= Data items =

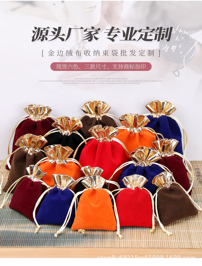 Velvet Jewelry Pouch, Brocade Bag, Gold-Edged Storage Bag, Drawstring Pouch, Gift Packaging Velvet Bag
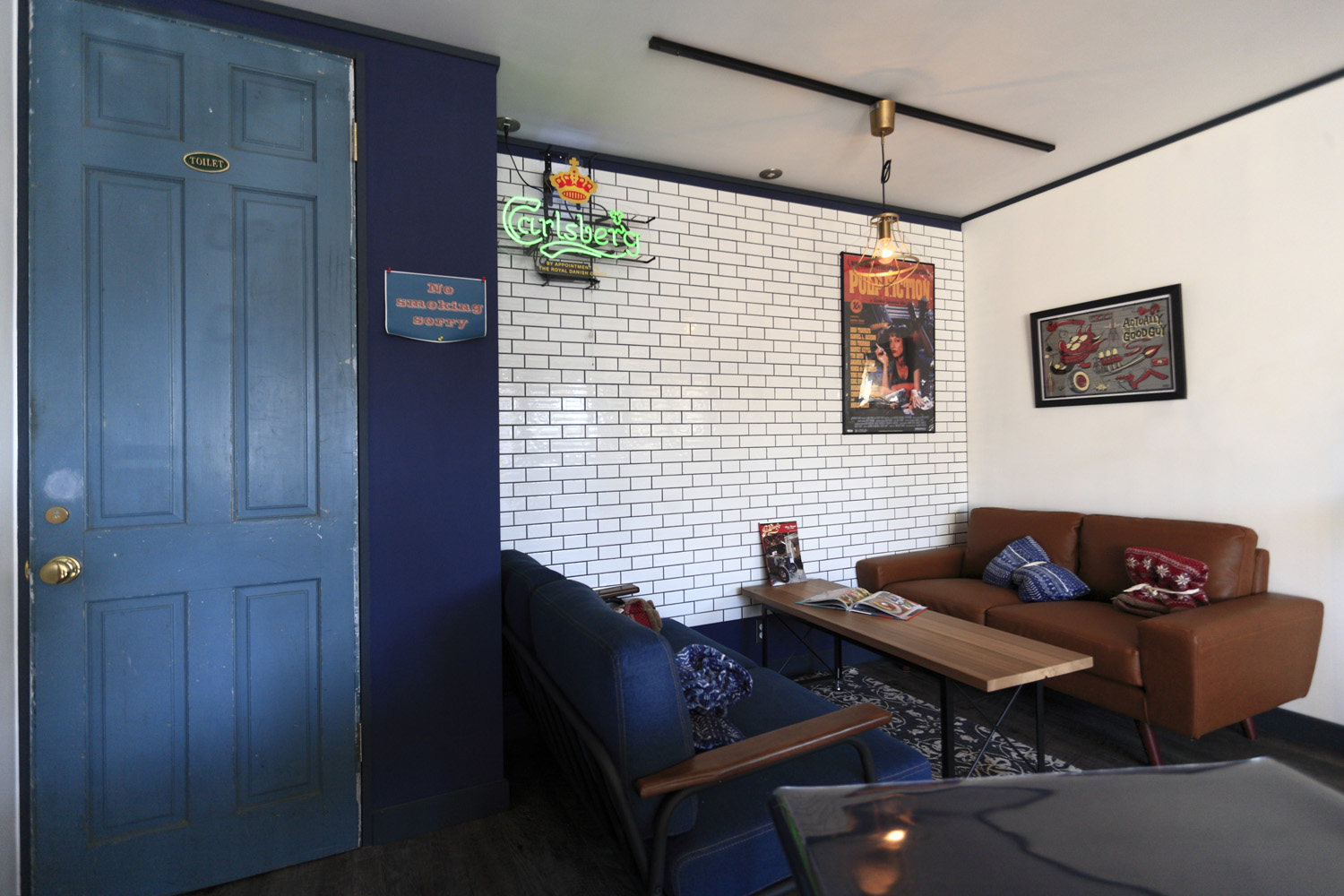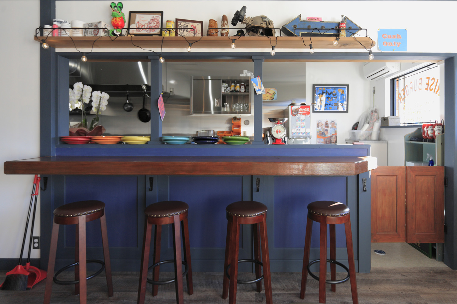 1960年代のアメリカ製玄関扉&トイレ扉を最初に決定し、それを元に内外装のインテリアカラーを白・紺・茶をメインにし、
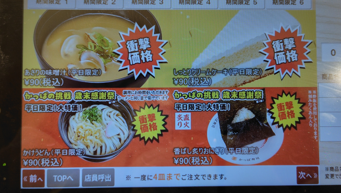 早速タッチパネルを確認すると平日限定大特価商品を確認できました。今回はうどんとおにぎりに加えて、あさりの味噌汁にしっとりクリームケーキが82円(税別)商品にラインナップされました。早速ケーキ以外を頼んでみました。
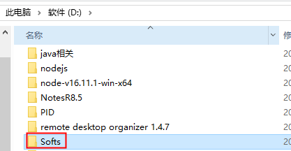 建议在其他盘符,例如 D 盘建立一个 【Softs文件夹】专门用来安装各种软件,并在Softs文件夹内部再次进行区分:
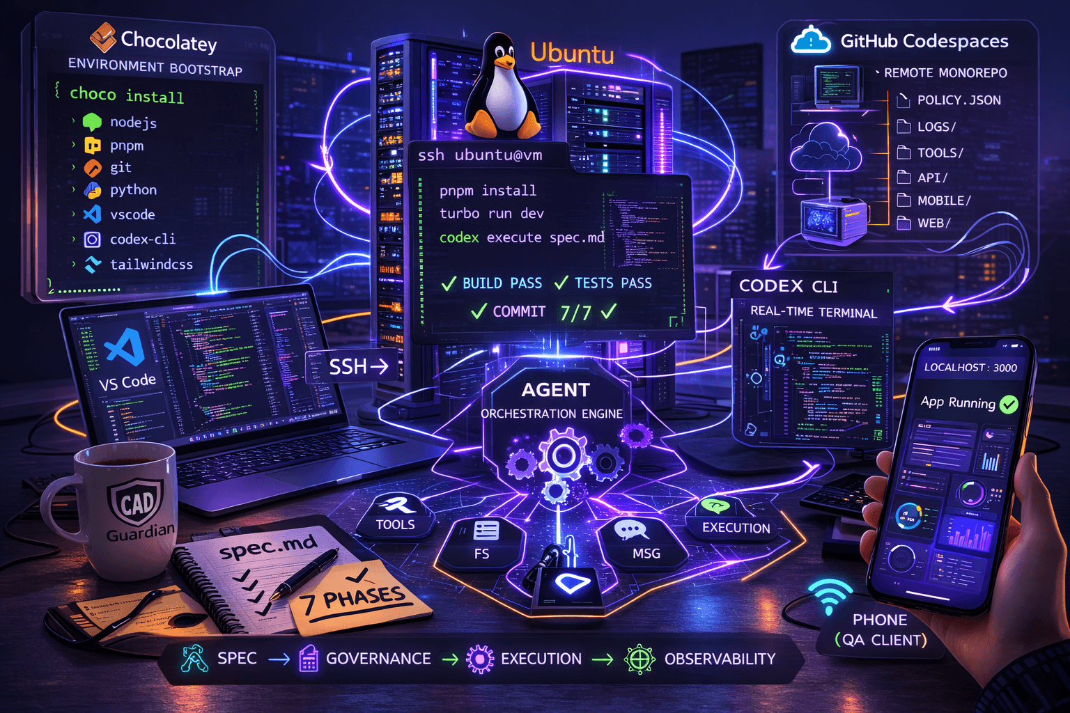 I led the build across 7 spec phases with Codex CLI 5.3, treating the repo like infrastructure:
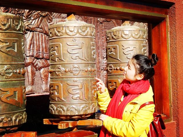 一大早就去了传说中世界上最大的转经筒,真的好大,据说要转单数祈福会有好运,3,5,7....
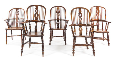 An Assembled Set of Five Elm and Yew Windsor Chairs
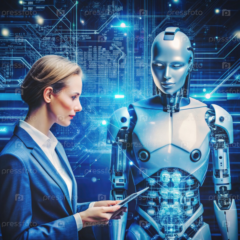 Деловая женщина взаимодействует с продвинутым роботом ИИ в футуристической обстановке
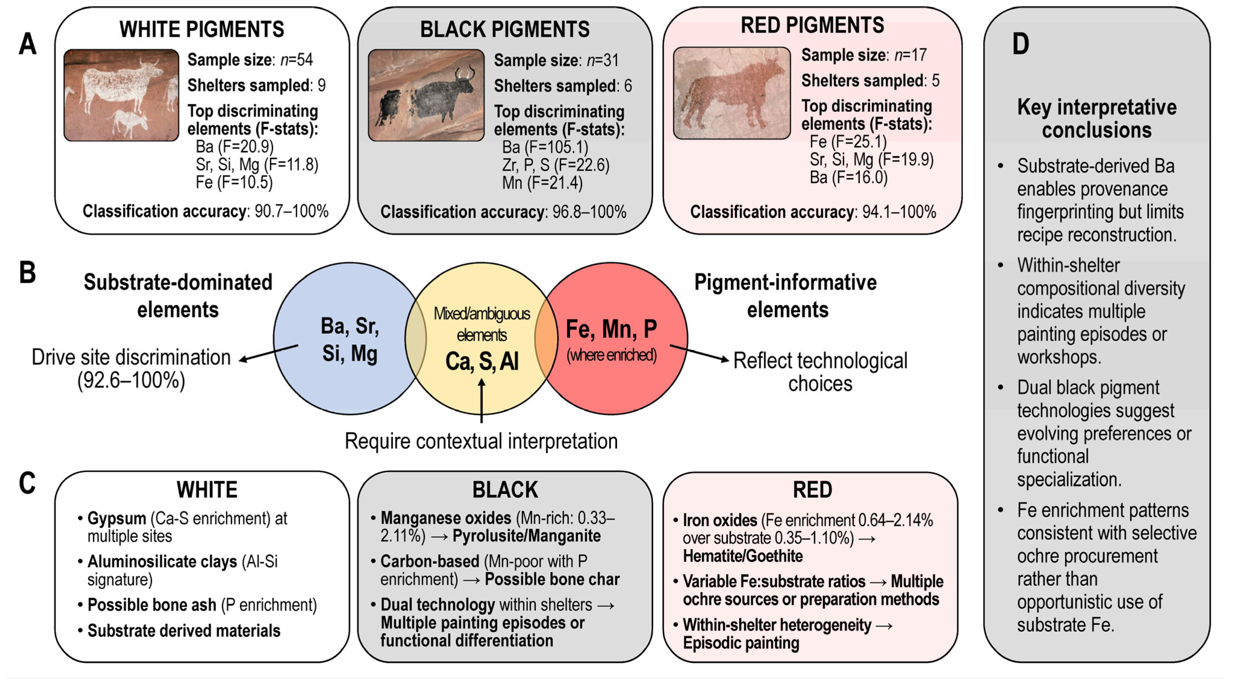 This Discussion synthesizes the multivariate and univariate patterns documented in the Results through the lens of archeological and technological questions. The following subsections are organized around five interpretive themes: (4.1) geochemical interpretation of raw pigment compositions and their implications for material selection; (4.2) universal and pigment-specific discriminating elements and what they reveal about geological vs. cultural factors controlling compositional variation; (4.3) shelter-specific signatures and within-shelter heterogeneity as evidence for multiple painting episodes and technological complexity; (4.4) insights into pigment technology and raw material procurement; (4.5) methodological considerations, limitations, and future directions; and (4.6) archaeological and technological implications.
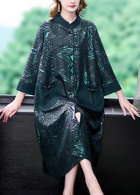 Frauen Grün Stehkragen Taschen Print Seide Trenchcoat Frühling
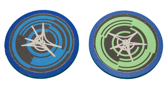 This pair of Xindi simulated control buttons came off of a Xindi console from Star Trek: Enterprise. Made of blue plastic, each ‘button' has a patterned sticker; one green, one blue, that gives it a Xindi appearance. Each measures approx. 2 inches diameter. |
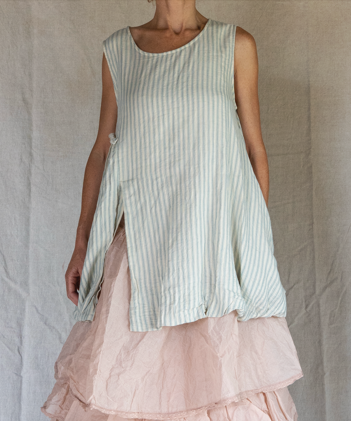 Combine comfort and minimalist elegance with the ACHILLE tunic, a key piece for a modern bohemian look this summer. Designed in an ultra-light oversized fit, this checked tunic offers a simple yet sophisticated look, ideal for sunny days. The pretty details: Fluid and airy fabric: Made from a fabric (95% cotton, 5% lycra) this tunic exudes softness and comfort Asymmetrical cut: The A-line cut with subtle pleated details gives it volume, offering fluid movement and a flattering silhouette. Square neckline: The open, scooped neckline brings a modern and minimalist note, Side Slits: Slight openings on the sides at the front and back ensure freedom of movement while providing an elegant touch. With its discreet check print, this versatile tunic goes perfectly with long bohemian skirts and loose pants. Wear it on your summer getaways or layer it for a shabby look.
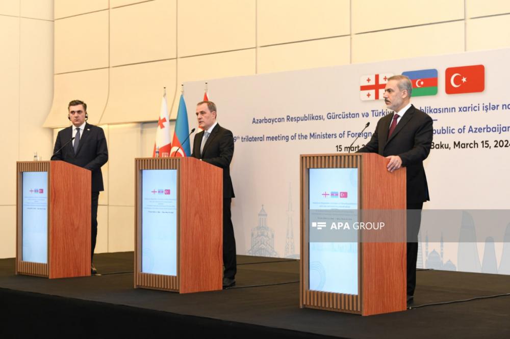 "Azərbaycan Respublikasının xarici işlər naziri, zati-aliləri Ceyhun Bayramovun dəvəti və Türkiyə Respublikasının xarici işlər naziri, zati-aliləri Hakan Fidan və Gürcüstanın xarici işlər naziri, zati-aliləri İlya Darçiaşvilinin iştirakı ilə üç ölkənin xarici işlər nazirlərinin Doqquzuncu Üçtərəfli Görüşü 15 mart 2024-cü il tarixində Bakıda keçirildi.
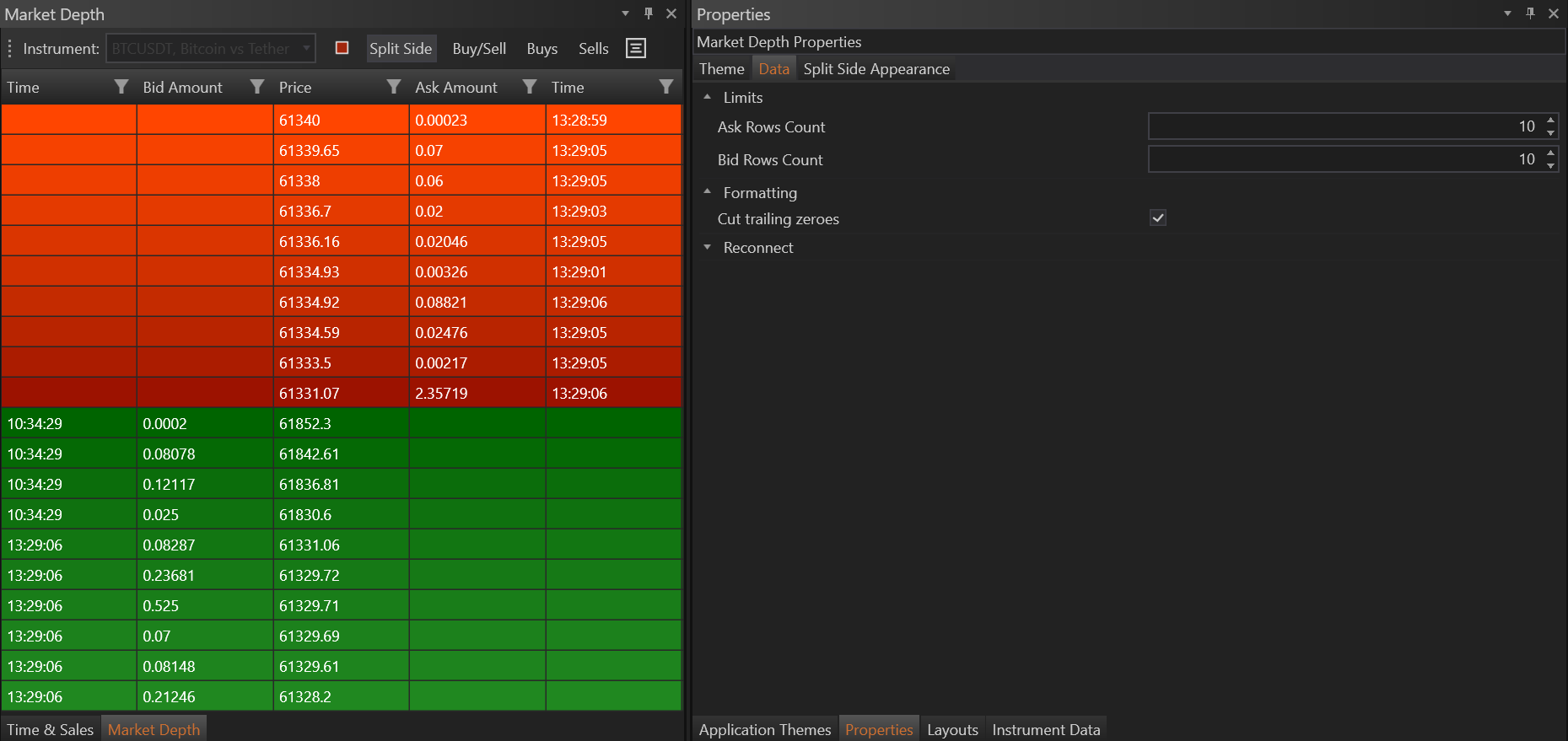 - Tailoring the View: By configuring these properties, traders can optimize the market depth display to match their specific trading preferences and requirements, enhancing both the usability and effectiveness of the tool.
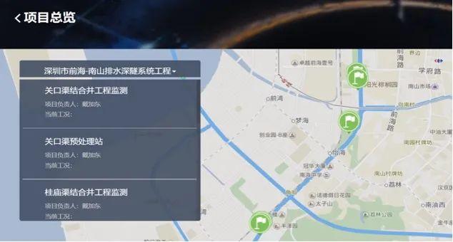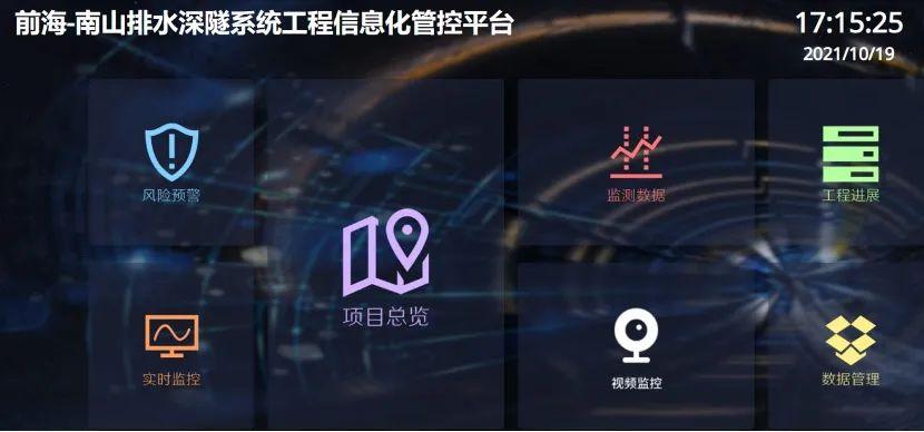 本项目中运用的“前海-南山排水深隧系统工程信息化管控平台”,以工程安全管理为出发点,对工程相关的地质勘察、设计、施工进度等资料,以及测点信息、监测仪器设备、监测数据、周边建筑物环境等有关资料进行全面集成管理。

= YOUR ASSIGNMENT =
The images are to be left out; every line above should be set down exactly.

= REPLY =
 Velvet Jewelry Pouch, Brocade Bag, Gold-Edged Storage Bag, Drawstring Pouch, Gift Packaging Velvet Bag
 1960年代のアメリカ製玄関扉&トイレ扉を最初に決定し、それを元に内外装のインテリアカラーを白・紺・茶をメインにし、
 早速タッチパネルを確認すると平日限定大特価商品を確認できました。今回はうどんとおにぎりに加えて、あさりの味噌汁にしっとりクリームケーキが82円(税別)商品にラインナップされました。早速ケーキ以外を頼んでみました。
 建议在其他盘符,例如 D 盘建立一个 【Softs文件夹】专门用来安装各种软件,并在Softs文件夹内部再次进行区分:
 I led the build across 7 spec phases with Codex CLI 5.3, treating the repo like infrastructure:
 一大早就去了传说中世界上最大的转经筒,真的好大,据说要转单数祈福会有好运,3,5,7....
 An Assembled Set of Five Elm and Yew Windsor Chairs
 Деловая женщина взаимодействует с продвинутым роботом ИИ в футуристической обстановке
 This Discussion synthesizes the multivariate and univariate patterns documented in the Results through the lens of archeological and technological questions. The following subsections are organized around five interpretive themes: (4.1) geochemical interpretation of raw pigment compositions and their implications for material selection; (4.2) universal and pigment-specific discriminating elements and what they reveal about geological vs. cultural factors controlling compositional variation; (4.3) shelter-specific signatures and within-shelter heterogeneity as evidence for multiple painting episodes and technological complexity; (4.4) insights into pigment technology and raw material procurement; (4.5) methodological considerations, limitations, and future directions; and (4.6) archaeological and technological implications.
 Frauen Grün Stehkragen Taschen Print Seide Trenchcoat Frühling
 This pair of Xindi simulated control buttons came off of a Xindi console from Star Trek: Enterprise. Made of blue plastic, each ‘button' has a patterned sticker; one green, one blue, that gives it a Xindi appearance. Each measures approx. 2 inches diameter. |
 Combine comfort and minimalist elegance with the ACHILLE tunic, a key piece for a modern bohemian look this summer. Designed in an ultra-light oversized fit, this checked tunic offers a simple yet sophisticated look, ideal for sunny days. The pretty details: Fluid and airy fabric: Made from a fabric (95% cotton, 5% lycra) this tunic exudes softness and comfort Asymmetrical cut: The A-line cut with subtle pleated details gives it volume, offering fluid movement and a flattering silhouette. Square neckline: The open, scooped neckline brings a modern and minimalist note, Side Slits: Slight openings on the sides at the front and back ensure freedom of movement while providing an elegant touch. With its discreet check print, this versatile tunic goes perfectly with long bohemian skirts and loose pants. Wear it on your summer getaways or layer it for a shabby look.
 "Azərbaycan Respublikasının xarici işlər naziri, zati-aliləri Ceyhun Bayramovun dəvəti və Türkiyə Respublikasının xarici işlər naziri, zati-aliləri Hakan Fidan və Gürcüstanın xarici işlər naziri, zati-aliləri İlya Darçiaşvilinin iştirakı ilə üç ölkənin xarici işlər nazirlərinin Doqquzuncu Üçtərəfli Görüşü 15 mart 2024-cü il tarixində Bakıda keçirildi.
 - Tailoring the View: By configuring these properties, traders can optimize the market depth display to match their specific trading preferences and requirements, enhancing both the usability and effectiveness of the tool.
 本项目中运用的“前海-南山排水深隧系统工程信息化管控平台”,以工程安全管理为出发点,对工程相关的地质勘察、设计、施工进度等资料,以及测点信息、监测仪器设备、监测数据、周边建筑物环境等有关资料进行全面集成管理。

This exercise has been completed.